Docker helps avoid this. Using docker, we can significantly reduce the delay between writing code and running it in production.

Time Consumption Average for deploying an application:
With Docker: 7–8 Minutes
Without Docker: 1.5–2 Hours

Using Docker, the developer bundles up all the required settings and applications in an image and the tester can create a container from the image.

Containers are very lightweight & so don’t take much time to run the application on the tester’s machine.

As you can see Docker is really beneficial in deploying a product.
In simple words, on a system, you can set up different environments(OS, database, servers etc.) for the product, but wait a second, we can do this with virtualization also(?). Why Docker, then?

Virtualization vs Containerization

Let’s have a look at the difference between virtualization and containerization:-

Source: Google Images

Virtualization: For creating virtual machines(VMs), the system uses hypervisor: a firmware layer that allows the system to run multiple OS’s on a single system. The hypervisor separates available resources (computing power, memory, storage, etc.), assigning a portion to each VM as needed.

Containerization: OS-level virtualization which allows multiple isolated user-space instances on a single kernel. These instances are called containers i.e. multiple containers can run on a single OS.
These containers are very lightweight and easy to install on the system. The most common container technology is Docker.

In short, your use case matters.
Containers are a good choice for projects with a much shorter life-cycle. Setting up a container in a system takes very less time so they are suitable for tasks that may only take a few hours.
Virtual machines have a longer life-cycle than containers and are best used for longer periods of time.

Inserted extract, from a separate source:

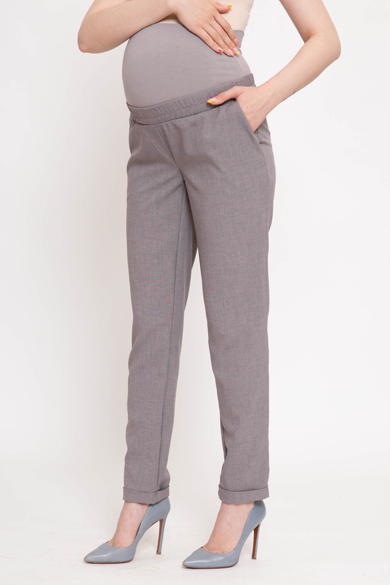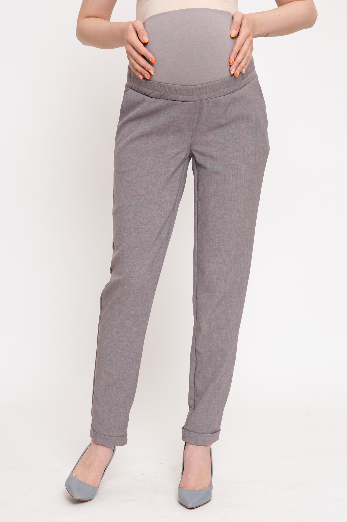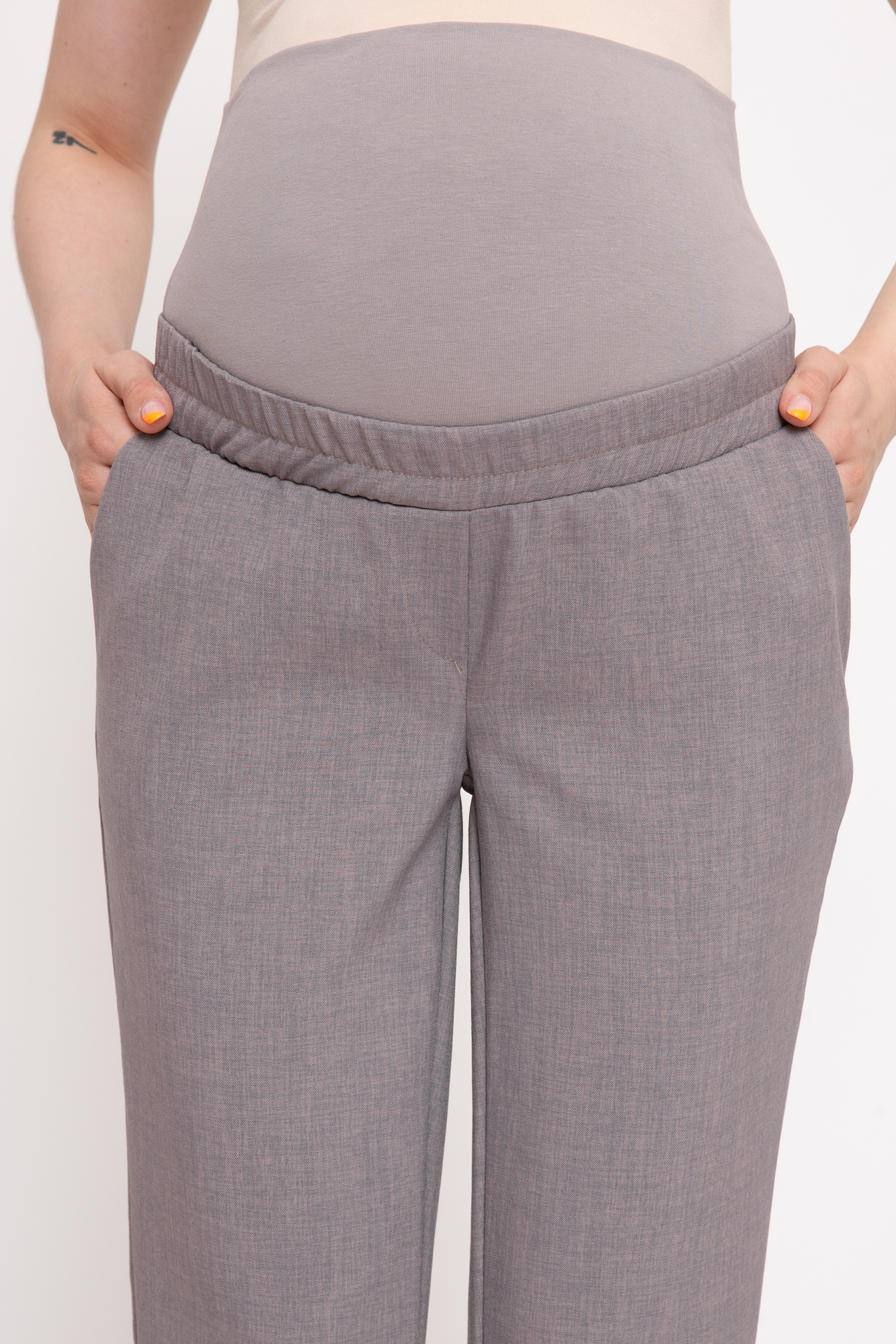 Базовые летние брюки для будущих мам. Детали: высокий эластичный бандаж, мягкая резинка в поясе, скошенные боковые карманы. В зависимости от подобранных дополнений они могут стать частью и офисного костюма, и одежды для непринуждённого отдыха, и наряда для торжественного события. Выполнены из легкого смешенного льна.

How Containerization Works

Docker uses namespaces to isolate workspaces. Process IDs, Network, Unix Time-sharing systems, Mount, Inter-Process Communication are created in their own namespaces, thereby providing isolation between containers.

The Docker Architecture:-

The Docker architecture uses a client-server model and comprises of the Docker Client, Docker Host, Network and Storage components, and the Docker Registry/Hub.

Source: Google Images

The Docker Engine allows user to develop and run an application using the following Docker components.

1. Docker Daemon: A persistent background process that manages Docker images, containers, networks, and storage volumes. The Docker daemon constantly listens for Docker API requests and processes them.
2. Docker Engine REST API: An API is used by applications to interact with the Docker daemon. It can be accessed by an HTTP client.
3. Docker CLI: A command-line interface client for interacting with the Docker daemon. It significantly simplifies how you manage container instances and is one of the key reasons why developers love using Docker.

Docker Client talks to the Docker Daemon, which performs the heavy lifting of the building, running our Docker Containers.
Fundamentally, both the Docker Client and Daemon can run on the same system however, we could also connect a Docker Client to a remote Docker Daemon.

“docker run ubuntu” — How does it work?

The computer makes a request to the configured Docker Host API, which in turn interacts with the Docker Daemon.
The daemon, then looks up the Ubuntu image on the host registry. If it’s not present, a new lookup will be made for pulling (downloading) the image from the configured registry (Docker Hub).
Docker then creates(& runs) a container from the pulled image.

A Little Practical

Setting up the Docker environment:
Install Docker for Mac
Install Docker for Windows
Get Docker CE for Ubuntu

1. Basic commands:

Shows information about client and server:

$ docker info

info also shows running containers, images available in the system etc.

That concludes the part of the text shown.